Fifty shades of boredom

At first I need to tell you something. I’m not proud of what I am going to say, not at all. I have been driven into one new(ish) hypes, and that was my own choise. Gosh. I have always felt a bit superior for not following everything that the others are. That has been my ideology, kind of, to be deliberately different. So, that is the reason, I’m not feeling that proud to say that I have read “Fifty shades of Gray” by E L James.  The thing I know now what everybody are talking about is smoothing my bitterness, but not all of it. I’m not all that serious, though.

When I saw it in a bookstore I was intrigued by it. I didn’t actually think twice before I bought it. The look the salesperson gave me made me think that I was doing something… fishy. I didn’t care. The book devoured me. I couldn’t put it away from my hands. I almost was late from my work for it. I already pictured myself explaining my boss why I wasn’t there in time. That should have been interesting. Hmph.

The story wasn’t that intriguing, though. Everything was pretty much, uh, you know, having sex, planning to have it, or discussing about it. The rest of the book after three quarters was absolutely dull for me.
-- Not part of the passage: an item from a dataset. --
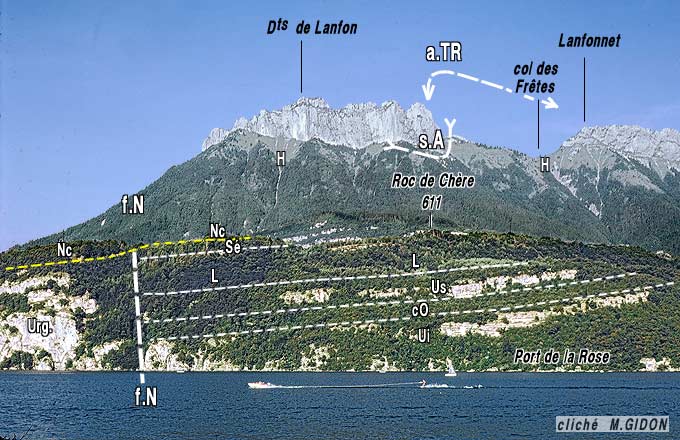 En effet elle se trouve dans une dépression N-S qui est l'aboutissement du talus des affleurements de Berriasien qui garnissent le flanc ouest de l'anticlinal d'Angon. Ce pli, dont le cœur de Séquanien est traversé par la gorge du torrent d'Oy a en effet un axe sensiblement N-S et se prolonge vers le sud en bordure orientale du lac (il représente vraisemblablement le prolongement méridional de l'anticlinal du Parmelan). Les alluvions glaciaires de cette dépression masquent donc là une frontière structurale qui limite brutalement les affleurements du Roc de Chère et que ne franchit pas le décrochement du Vuache. Il correspond à un accident d'azimut proche de N-S qui se place clairement dans le prolongement du décrochement de Duingt et doit donc le prolonger (cet accident coupe en sens dextre, sur la rive ouest, le synclinal d'Entrevernes : voir la page "Annecy SW").

Yeah, they hade done it several times and they still did it. What’s the point? In the end I was a bit disappointed. I had hoped that there would have been something else in it, too, some meaning behind it, some message perhaps. But the way I found it there was nothing.
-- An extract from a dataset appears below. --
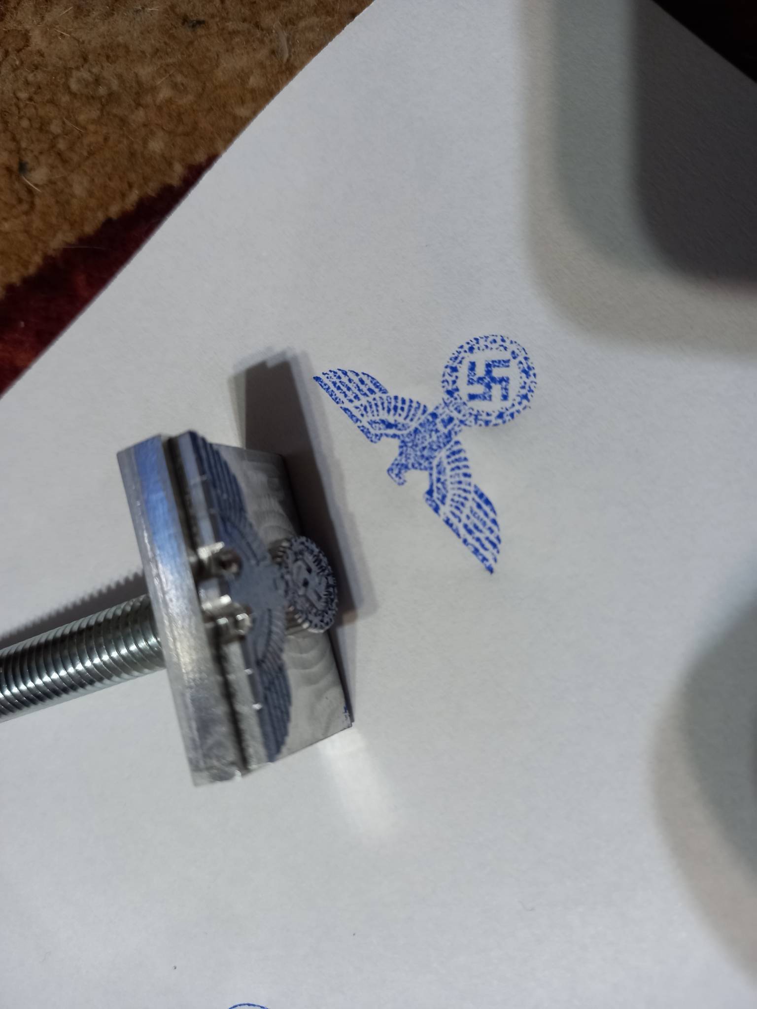 Клеймо 3 рейх. Чудове новеньке металічне клеймо . Металічне ,придатне для поставки клейма ударним способом чи термічним. ( паяльник накручується) можна через золоту чи срібну плівку робити тиснення чи просто молотком. Можна ставити на шкіру. Тканину ,папір . Зроблено відповідно розмірів оригіналу

I had heard about how the story had its beginning as a fanfiction of Twilight. I found it disturbing to see all the similarities, though I don’t know if I had noticed it if I hadn’t known it beforehands. It made me think of the responsibility of the author, any one, mine as well. Where is the line of acceptable similarity and only annoying and disturbing plagiarism? I think there could be different answers for that, any person could have their own boundaries for it. I found it annoying and too easily pointed out.
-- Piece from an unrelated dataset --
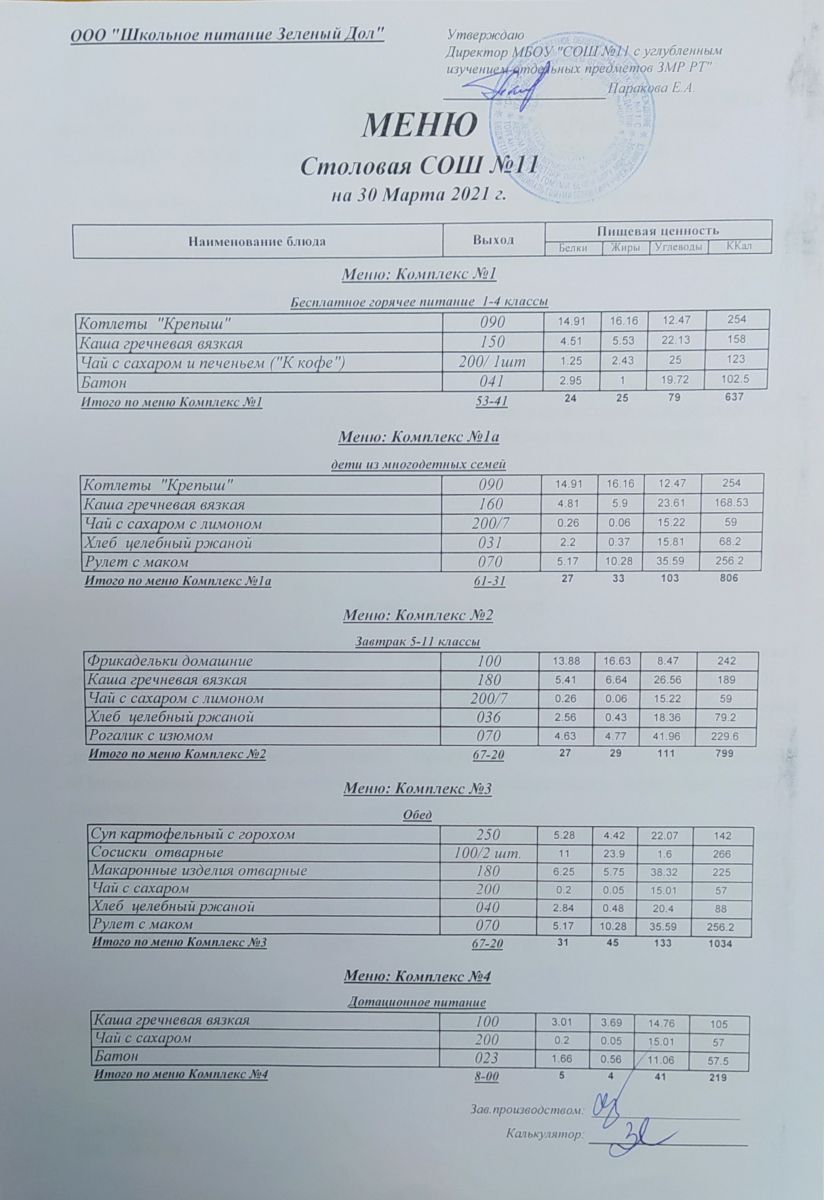 Школьное меню

The similarities made me sneer all by myself. Here’s few to mention:

  • The looks of the characters, their characteristics, the way they are intoxicated by each other. Christian even tells Ana to stay away from him, as does Edward, for they evidently are not that good for anyone.
  • There is something similar in the way the girl settles in the relation of the guys previous experiences – meaning that Christian hasn’t  met anyone that doesn’t fit any of the categories being a master or a servant. Edward on the other hand hasn’t met anyone whose mind he can’t read. There is something surprising in the relation that makes the guy more interested.
  • The girl is similarly overwhelmed by the guy in both stories.
  • Christian looks like Edward or the other way around, they live in a huge house and play the piano with amazing skill.
  • They both are quite bossy and seem to be almost obsessed with being in control, allthough they keep telling that they do it for the girls own good.
  • Yeah, and they both have this huge secret that the girl can’t tell to anyone.

There was a short moment in the very beginning where I anticipated that Christian would turn out to be something more than just a human, or having even some greater secret. I was let down by the fact that there was absolutely no supernatural aspects in the book. (I seem to be always searching for them everywhere and everything I write seems to prove not to be that everyday thing – it could be because the everyday life bogs me down and I need to get away from it in my head if not otherwise.)

Well, okay, there were some pretty good sex acts in it, but it shortly started to bore me. Gosh. The story in the background didn’t move a tiny bit forward. At all. It was boring and felt unimportant, I got the feeling that the writer only wanted to move on to next sex-part. I have to admit, I don’t have much experience about reading a stuff like this, maybe it is just like that in every erotic book?

It very soon made me feel uneasiness when Ana was all the time soooo excited about Christian and how good time they always had. It didn’t seem a slightest bit real to me. But maybe it wasn’t the point. Maybe I’m just misunderstanding the finesse of the sort?

I started to think what is the thing that made this book such a hype. I become into a conclusion that it has to have something to do about being daring and writing openly about s&m. I – just to remind you – don’t have the knowledge about other books of the type. You tell me. Why is it such a thing?

So, what did I learn from this not-my-type experience of being part of the present-day hype? The thing that I will not do that again.